What is required: In the entries below, find the line with "Inzwischen ist auch" and the line with "下面我们来测试下游戏里的功能". Repeat exactly everything between them, those two lines included, but not the pictures.

Extracted information:

+--

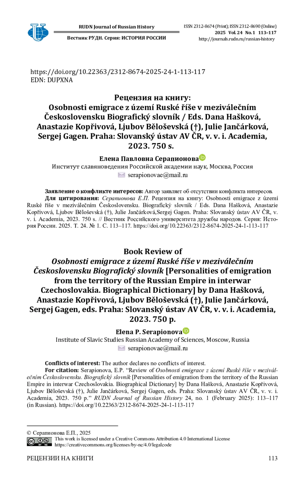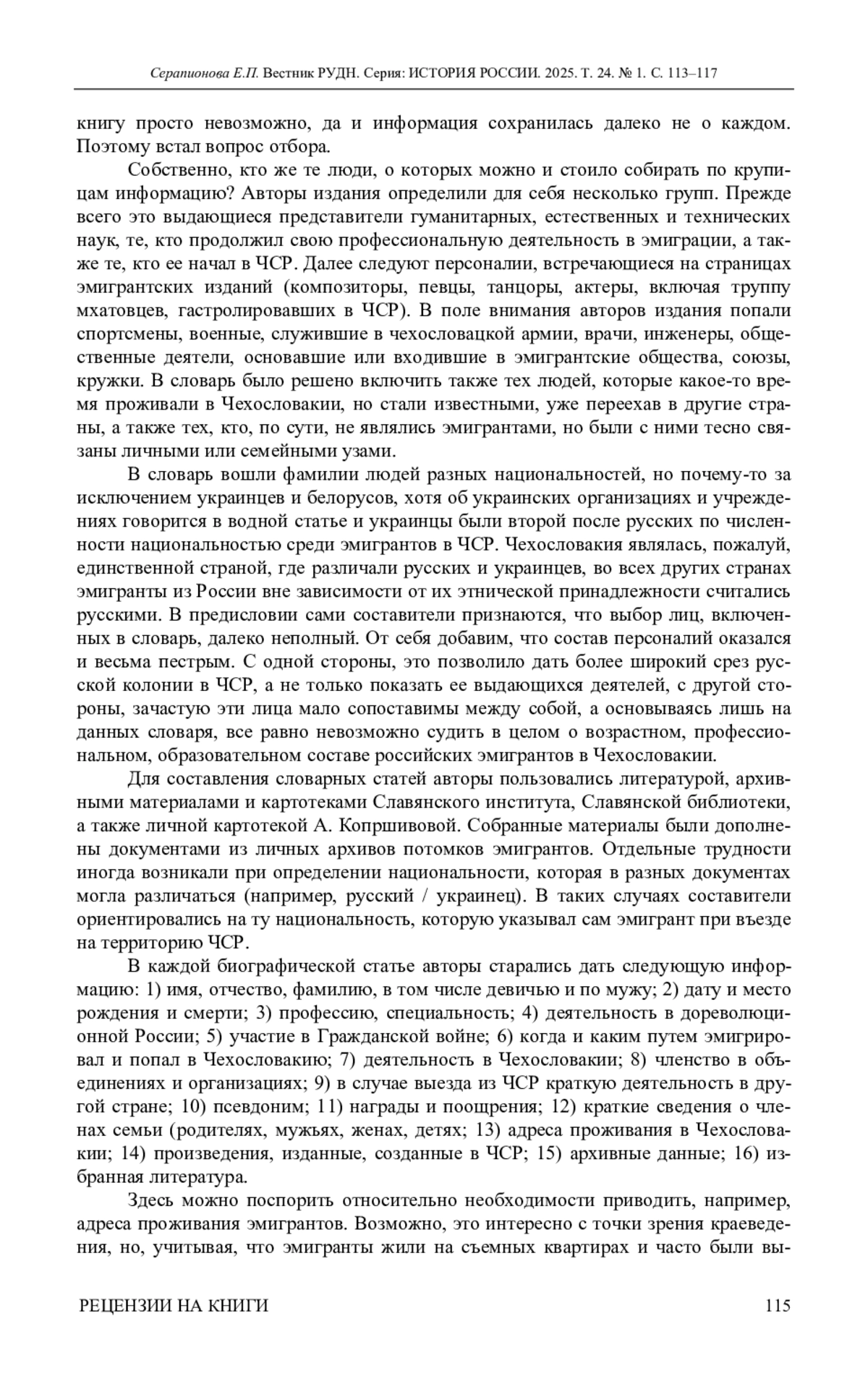 Для цитирования: Серапионова Е. П. Рецензия на книгу: Osobnosti emigrace z území Ruské říše v meziválečním Československu. Biografický slovník / Eds. Dana Hašková, Anastazie Kopřivová, Ljubov Běloševská (†), Julie Jančárková, Sergej Gagen. Praha: Slovanský ústav AV ČR, v. v. i. Academia, 2023. 750 s. // Вестник Российского университета дружбы народов. Серия: История России. 2025. Т. 24. № 1. С. 113–117. https://doi. org/10.22363/2312-8674-2025-24-1-113-117
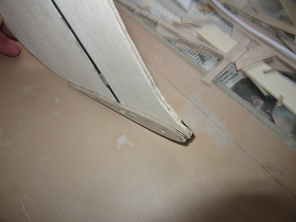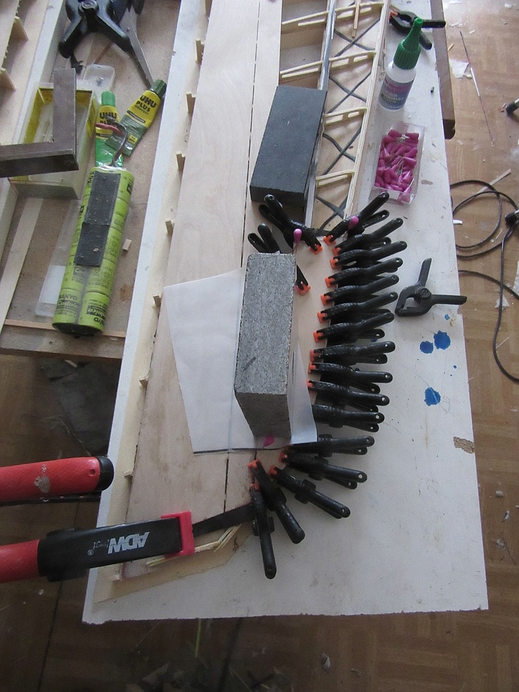Inzwischen ist auch die Außenleiste der Nasenleistenkonstruktion als zweite Lage 3 mm Pappelsperrholz mit dickem Seku angeleimt und verschliffen.
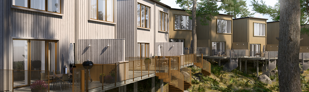 Mjöbäck Entreprenad AB/Västkuststugan AB tilldelas en markyta på cirka 8 175 kvm ljus BTA bostäder i form av radhus. Ett natur- och centrumnära radhuskvarter i två plan planeras för området. Radhusen ska utformas med hänsyn till befintlig topografi. Lågskalig, terränganpassad karaktär är viktiga aspekter. Bolagets anbud: 8 000 kr/kvadratmeter per ljus BTA (bruttoarea ovan mark) för bostad.
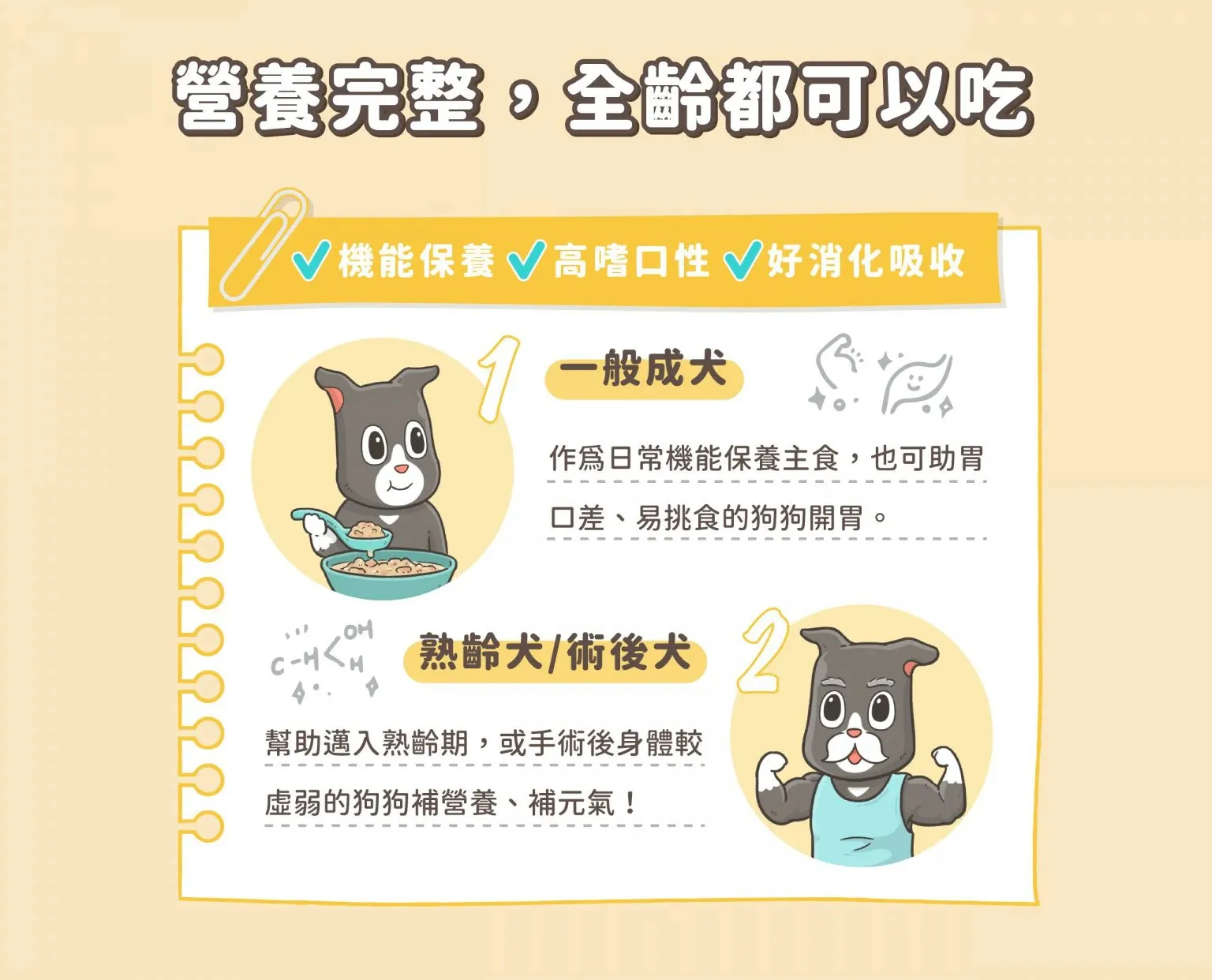 A 可以!機能罐依據AAFCO/NRC成幼犬營養標準設計,所有性別年齡的狗狗都可以吃唷!
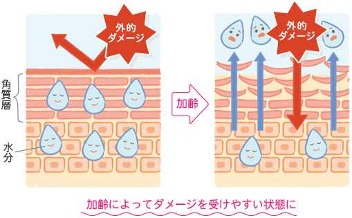 私たちの肌の表層は角質層で覆われています。角質層は角化した皮膚の細胞が積み重なった構造をしており、肌に潤いを閉じ込め、肌の深層への刺激を防ぐバリア機能を担っています。年齢を重ねると、この角質層の構造が乱れて肌のバリア機能が低下しがちになります。 このため、加齢に伴って肌の潤いが失われやすく、さまざまな外的ダメージを受けやすくなるのです。また、年齢を重ねるごとに肌に広く分布する皮脂腺や汗腺の機能も低下するため、肌の潤いはさらに失われて、ますます角質層の構造が乱れやすくなるのです。
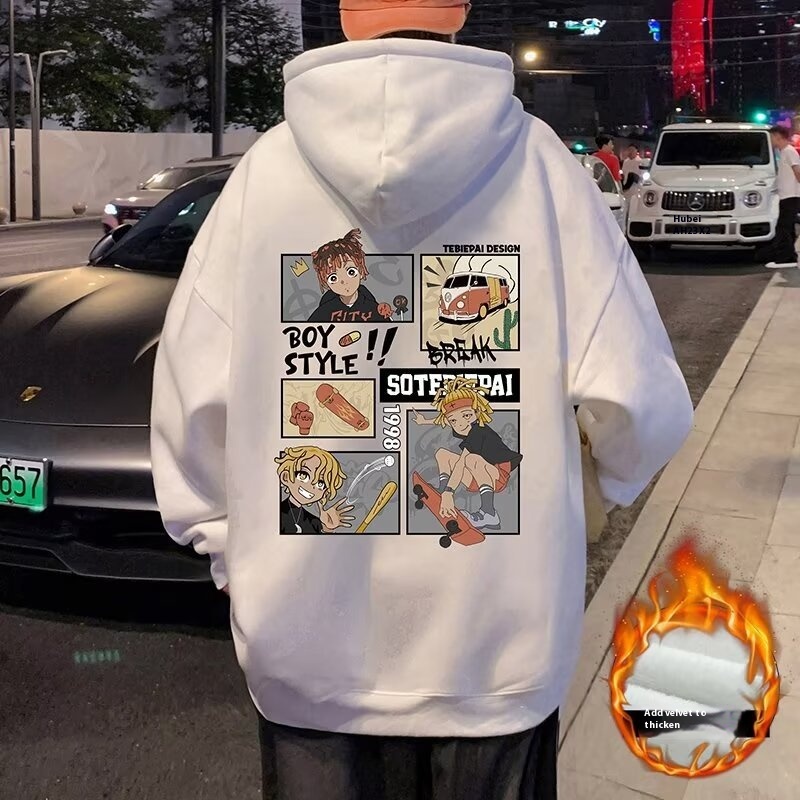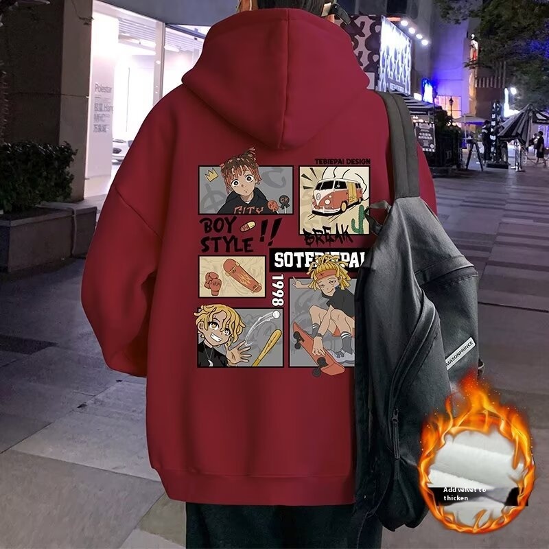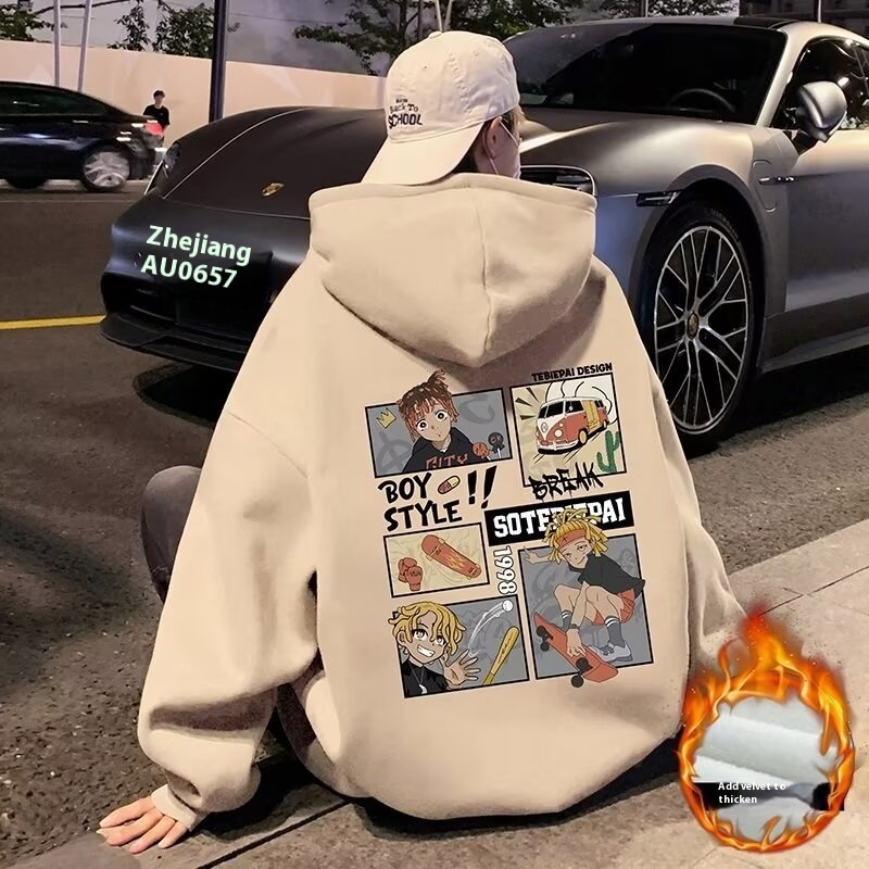 Hiphop潮牌高街加绒卫衣男春秋款重磅宽松美式连帽外套上衣服
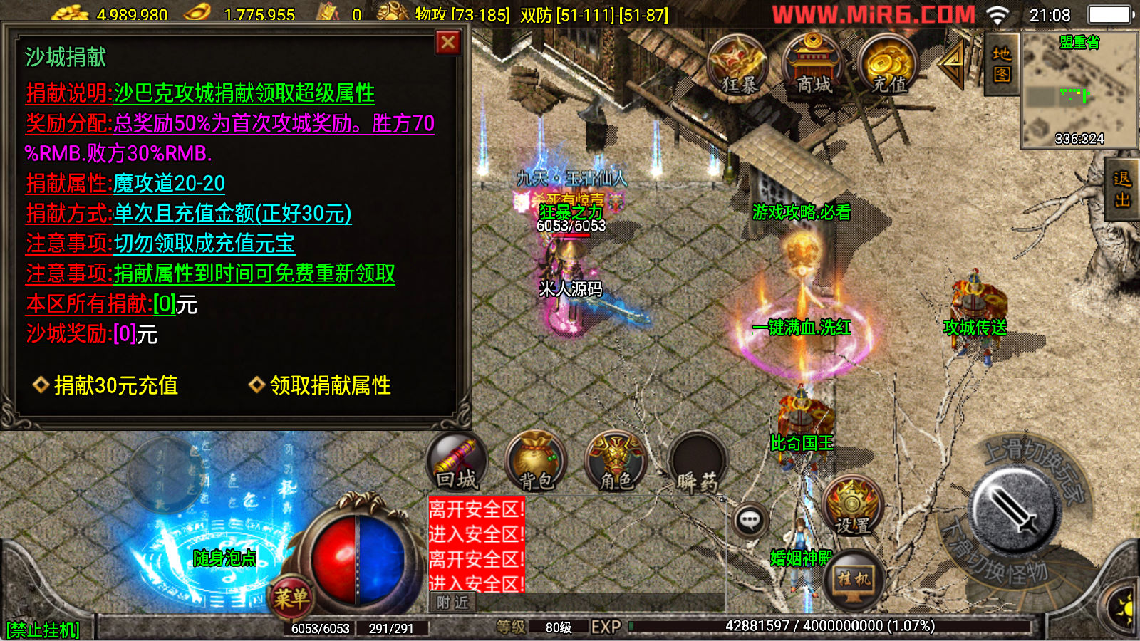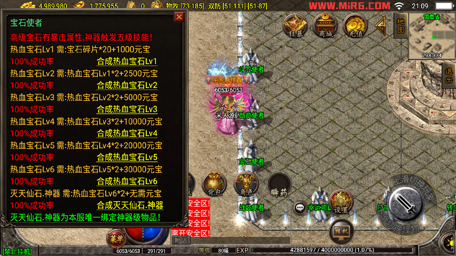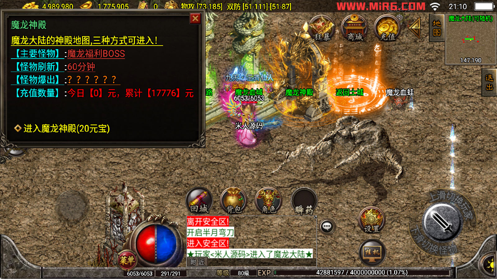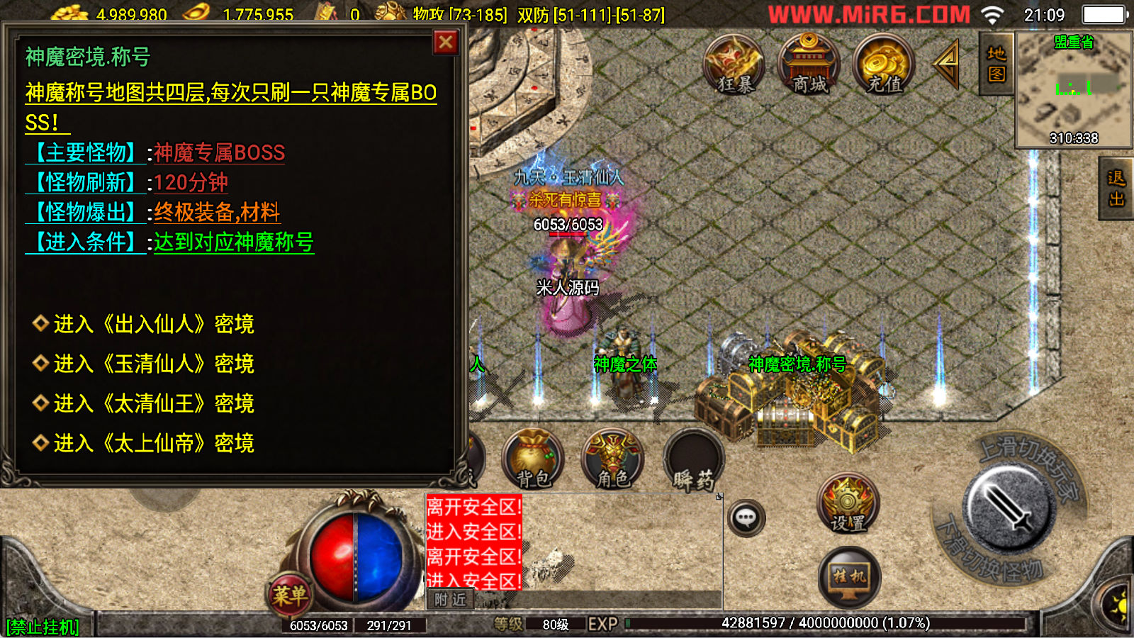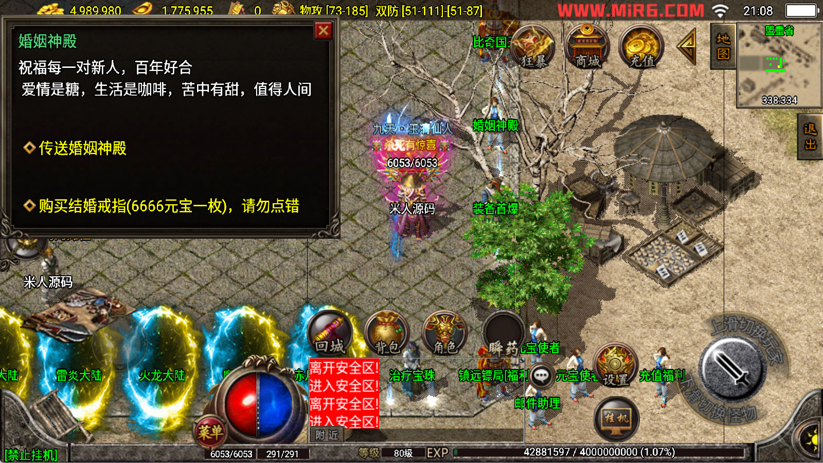 下面我们来测试下游戏里的功能看看。好了,其他功能就自行测试吧。更多的游戏资源可以访问www.MiR6.com下载,我们每款游戏资源均单独制作了独立的视频架设教程,让小白也可以快速上手游戏架设,快来体验自己做GM的乐趣吧!
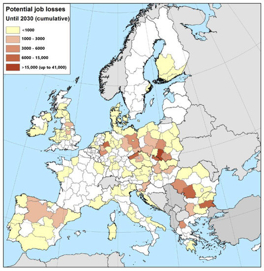The worldwide trend of the substitution of fossil energy by atomic and renewable energy sources has had a significant impact on the demand for raw mineral materials [1]. As a result, there are numerous mining projects and initiatives aimed at exploring and excavating new resources of mineral raw materials [2,3]. Growing needs in the field of renewable energy and electric mobility are related to the high importance of critical raw materials (CRMs) [4]. In turn, due to EU environmental policy and lack of competitiveness [5], most underground hard coal mines will be closed down over the next 15–20 years. Between 2014 and 2017 alone, 27 coal mines in Poland, Germany, the Czech Republic, Hungary, Romania, Slovakia, Slovenia, and the United Kingdom were closed [6]. Furthermore, considering the efficiency of underground coal mining it is expected that most coal regions will be subjected to termination by 2030, which poses a great risk of local economic crisis and numerous job losses in these areas. The map of potential job losses related to coal mine closure in the EU is presented in Figure 1.
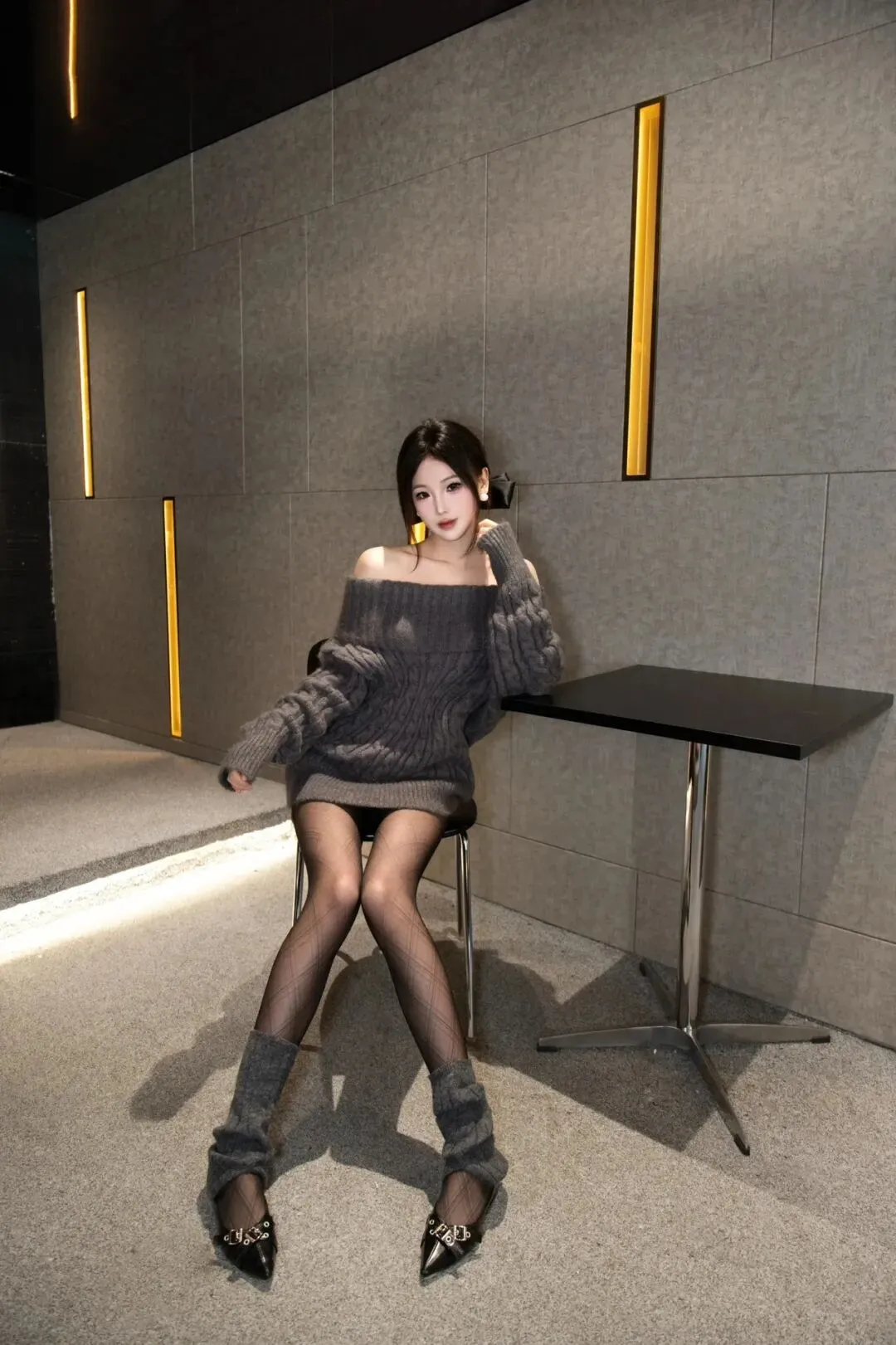 侧身坐在壁炉旁,单腿自然侧抬,一手轻搭身侧,身体微微侧转,背景是楼梯与壁炉,显利落又有细节,轻松拿捏酷飒感。
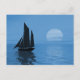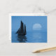 A boat sailing on a calm ocean with the sun slipping over the horizon. The whole picture is in the evening shades of blue.

+--

Result of this task:
Inzwischen ist auch die Außenleiste der Nasenleistenkonstruktion als zweite Lage 3 mm Pappelsperrholz mit dickem Seku angeleimt und verschliffen.
 Mjöbäck Entreprenad AB/Västkuststugan AB tilldelas en markyta på cirka 8 175 kvm ljus BTA bostäder i form av radhus. Ett natur- och centrumnära radhuskvarter i två plan planeras för området. Radhusen ska utformas med hänsyn till befintlig topografi. Lågskalig, terränganpassad karaktär är viktiga aspekter. Bolagets anbud: 8 000 kr/kvadratmeter per ljus BTA (bruttoarea ovan mark) för bostad.
 A 可以!機能罐依據AAFCO/NRC成幼犬營養標準設計,所有性別年齡的狗狗都可以吃唷!
 私たちの肌の表層は角質層で覆われています。角質層は角化した皮膚の細胞が積み重なった構造をしており、肌に潤いを閉じ込め、肌の深層への刺激を防ぐバリア機能を担っています。年齢を重ねると、この角質層の構造が乱れて肌のバリア機能が低下しがちになります。 このため、加齢に伴って肌の潤いが失われやすく、さまざまな外的ダメージを受けやすくなるのです。また、年齢を重ねるごとに肌に広く分布する皮脂腺や汗腺の機能も低下するため、肌の潤いはさらに失われて、ますます角質層の構造が乱れやすくなるのです。
 Hiphop潮牌高街加绒卫衣男春秋款重磅宽松美式连帽外套上衣服
 下面我们来测试下游戏里的功能看看。好了,其他功能就自行测试吧。更多的游戏资源可以访问www.MiR6.com下载,我们每款游戏资源均单独制作了独立的视频架设教程,让小白也可以快速上手游戏架设,快来体验自己做GM的乐趣吧!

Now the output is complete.